Word for word, repeat the lines of the records from the first line up to and including the line that contains "Ein Viertel Jahrhundert", passing over any pictures.

Top of Data excerpts

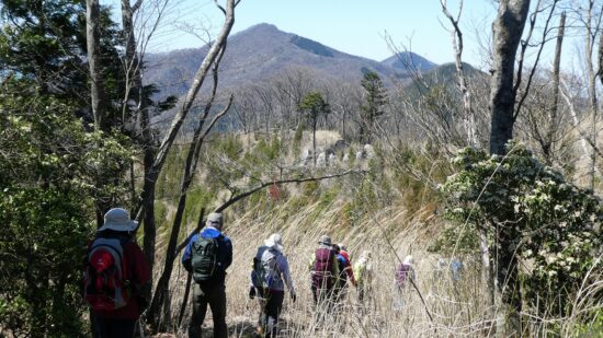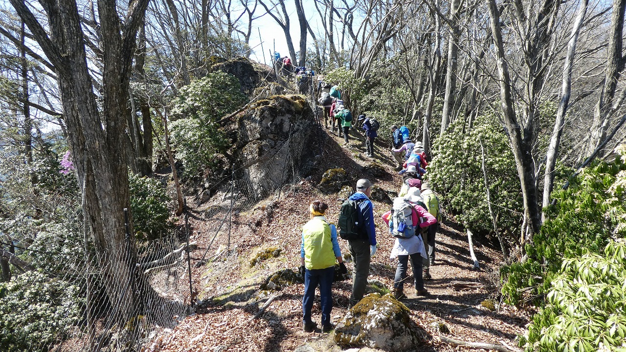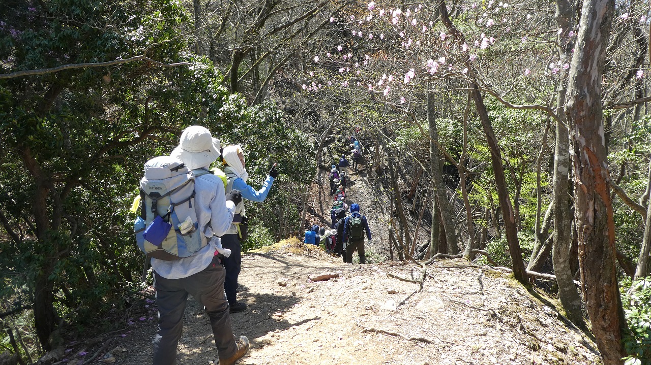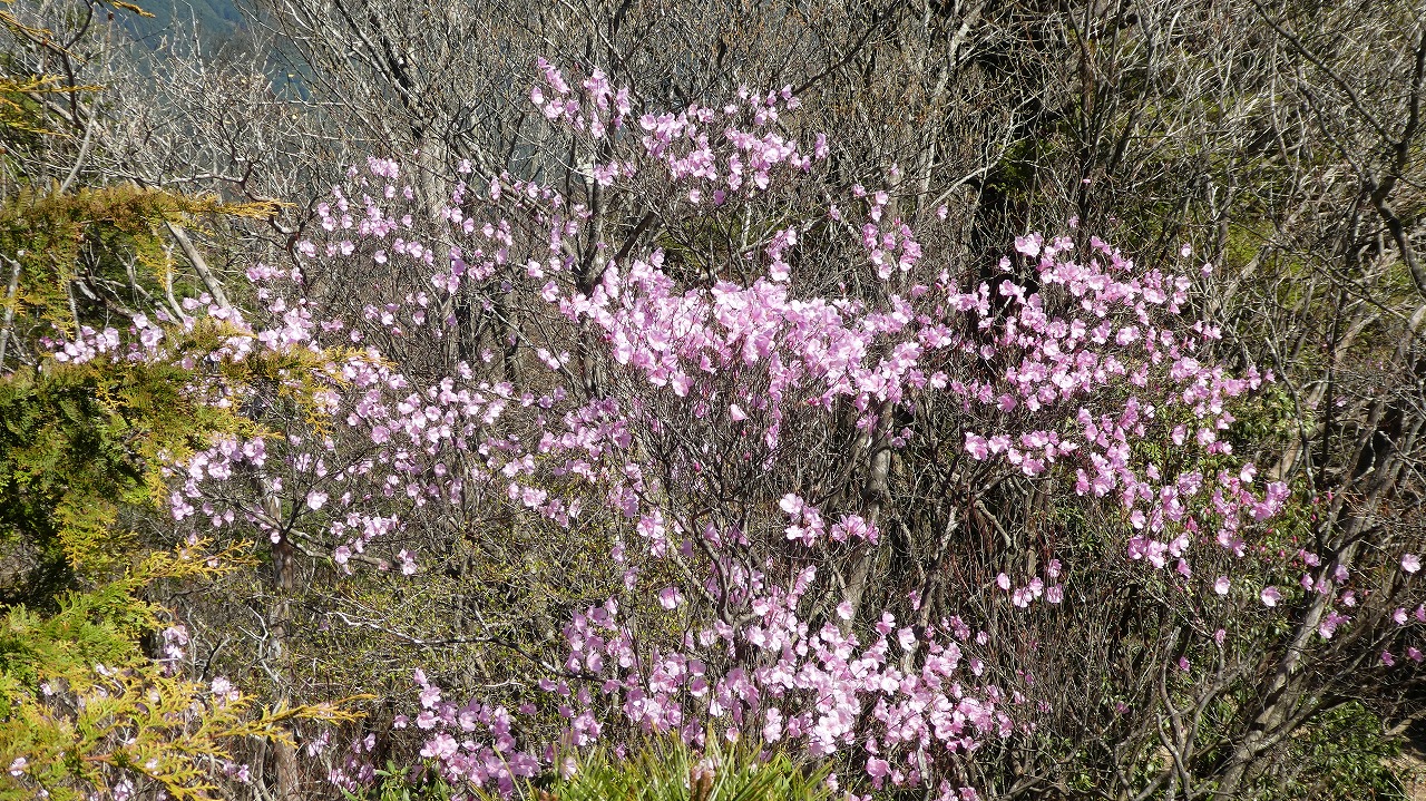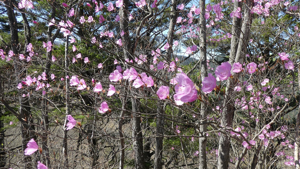 「5回目となった蕨山の思い出の風景にピンクの色が付いた。おまけのアカヤシオとミツバツツジが咲き揃ってお出迎え。冷たい風が吹く登りだったが、賑やかな登山道となり、気持ちが和む。
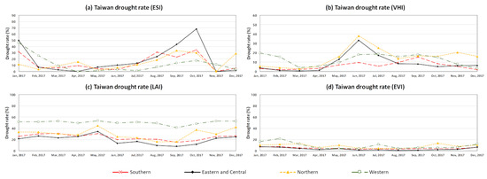 Temporal changes in drought area ratios of total area in each district as determined by the (a) ESI, (b) VHI, (c) LAI, and (d) EVI values for the four regions in Taiwan during the 2017 drought event.
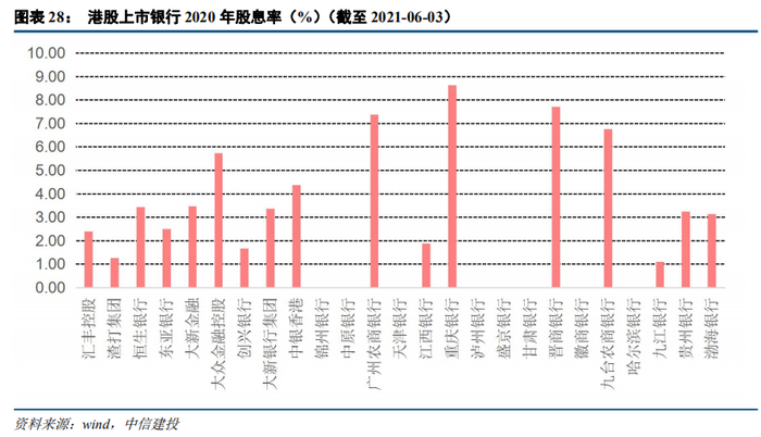 受疫情及全球经济不明朗影响,汇丰控股及渣打集团两家国际银行在2020年内未进行派息,但是今年恢复派息,汇丰控股决定2020年度派息0.15美元/股,渣打集团0.09美元/股,分红比例分别达59.4%及39.4%,同比变动为-24.3个百分点和29.4个百分点,整体分红比例高于国内银行。所有香港银行分红比例均有下降,整体香港银行分红比例为37.2%,较上年下降3.8个百分点。而仅在港股上市的国内银行分红比例表现差异化,部分银行选择年度不派息,包括中原、天津、泸州、徽商及哈尔滨银行,而2019年有派息。其他有派息的国内银行平均分红率为30.0%,与A股上市银行相当。
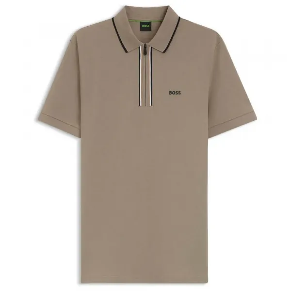 특징: - 슬림핏 - 플랫 니트 칼라 - 잠금 방식: 지퍼 클로저 - 반소매 - 플랫 니트 커프스 - 스탠더드 길이 사양: - 소재: 면 92%, 엘라스테인 8% 관리: - 30°C 순한 섬세 세탁 - 표백제 사용 금지 - 회전 건조 금지 - 저온 다림질 - 드라이클리닝 금지
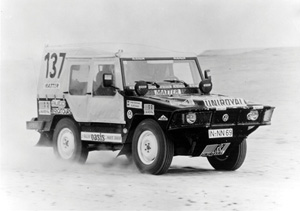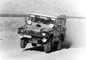Ein Viertel Jahrhundert ist es inzwischen her, als die berühmte Rallye Dakar 1979 zum ersten Mal ausgetragen wurde. Wenn Volkswagen im Januar 2004 mit dem neuen Race-Touareg zur 26. Auflage der härtesten Rallye der Welt antritt, hat die hoch entwickelte Rohrrahmen-Konstruktion mit Kohlefaser-Karosserie einzig das Volkswagen Emblem im Kühlergrill mit jenem Auto gemein, mit dem die Marke anno 1980 einen souveränen Doppelsieg bei dem Afrika-Marathon feierte. Mit diesem Erfolg bewies der mit Allradantrieb und Differentialsperren an beiden Achsen ausgestattete Geländewagen eindrucksvoll seine konstruktive Reife und Zuverlässigkeit und bereitete das Terrain für die Allradkonzepte quattro® von Audi und Syncro von Volkswagen.
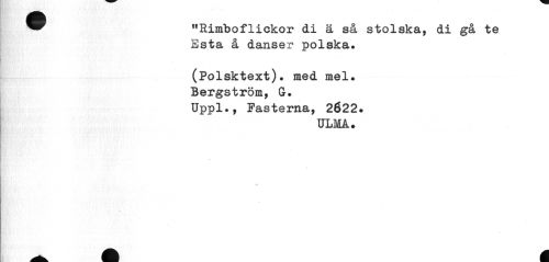 //// ^^ "Rimboflickor di ä så stolska, di gå te //// Esta å danser polska. //// (Polsktext), med mel. Bergström, G. Uppl., Fasterna, 2622. //// ULMA. ////
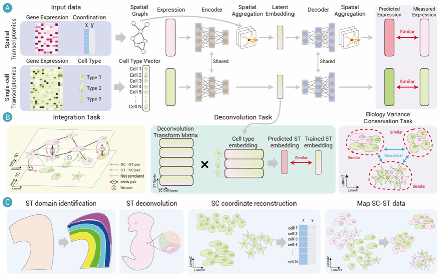 近日,计算机学院尚学群教授团队在单细胞与空间转录组数据整合分析方面取得新研究进展,研究成果以“stSCI:一种用于整合分析单细胞与空间转录组数据的多任务学习框架(stSCI: A multi-task learning framework for integrative analysis of single-cell and spatial transcriptomics data)”为题,于2025年12月3日在线发表于《The Innovation》期刊。《The Innovation》是由中国科学院青年创新促进会百余会员与Cell Press(细胞出版社)于2020年5月共同创办的开放获取英文期刊,覆盖自然科学全领域, 2025年5-year IF=40.2。计算机学院直博生舒涵为论文第一作者,BEAT365英国官网尚学群教授、汪涛副教授、复旦大学原致远研究员为论文共同通讯作者。
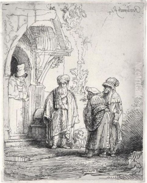Three Oriental Figures (jacob And Laban?) (b., Holl.118; H.183; Bb.41-f)

Bottom of Data excerpts

# Expected output:
 「5回目となった蕨山の思い出の風景にピンクの色が付いた。おまけのアカヤシオとミツバツツジが咲き揃ってお出迎え。冷たい風が吹く登りだったが、賑やかな登山道となり、気持ちが和む。
 Temporal changes in drought area ratios of total area in each district as determined by the (a) ESI, (b) VHI, (c) LAI, and (d) EVI values for the four regions in Taiwan during the 2017 drought event.
 受疫情及全球经济不明朗影响,汇丰控股及渣打集团两家国际银行在2020年内未进行派息,但是今年恢复派息,汇丰控股决定2020年度派息0.15美元/股,渣打集团0.09美元/股,分红比例分别达59.4%及39.4%,同比变动为-24.3个百分点和29.4个百分点,整体分红比例高于国内银行。所有香港银行分红比例均有下降,整体香港银行分红比例为37.2%,较上年下降3.8个百分点。而仅在港股上市的国内银行分红比例表现差异化,部分银行选择年度不派息,包括中原、天津、泸州、徽商及哈尔滨银行,而2019年有派息。其他有派息的国内银行平均分红率为30.0%,与A股上市银行相当。
 특징: - 슬림핏 - 플랫 니트 칼라 - 잠금 방식: 지퍼 클로저 - 반소매 - 플랫 니트 커프스 - 스탠더드 길이 사양: - 소재: 면 92%, 엘라스테인 8% 관리: - 30°C 순한 섬세 세탁 - 표백제 사용 금지 - 회전 건조 금지 - 저온 다림질 - 드라이클리닝 금지
Ein Viertel Jahrhundert ist es inzwischen her, als die berühmte Rallye Dakar 1979 zum ersten Mal ausgetragen wurde. Wenn Volkswagen im Januar 2004 mit dem neuen Race-Touareg zur 26. Auflage der härtesten Rallye der Welt antritt, hat die hoch entwickelte Rohrrahmen-Konstruktion mit Kohlefaser-Karosserie einzig das Volkswagen Emblem im Kühlergrill mit jenem Auto gemein, mit dem die Marke anno 1980 einen souveränen Doppelsieg bei dem Afrika-Marathon feierte. Mit diesem Erfolg bewies der mit Allradantrieb und Differentialsperren an beiden Achsen ausgestattete Geländewagen eindrucksvoll seine konstruktive Reife und Zuverlässigkeit und bereitete das Terrain für die Allradkonzepte quattro® von Audi und Syncro von Volkswagen.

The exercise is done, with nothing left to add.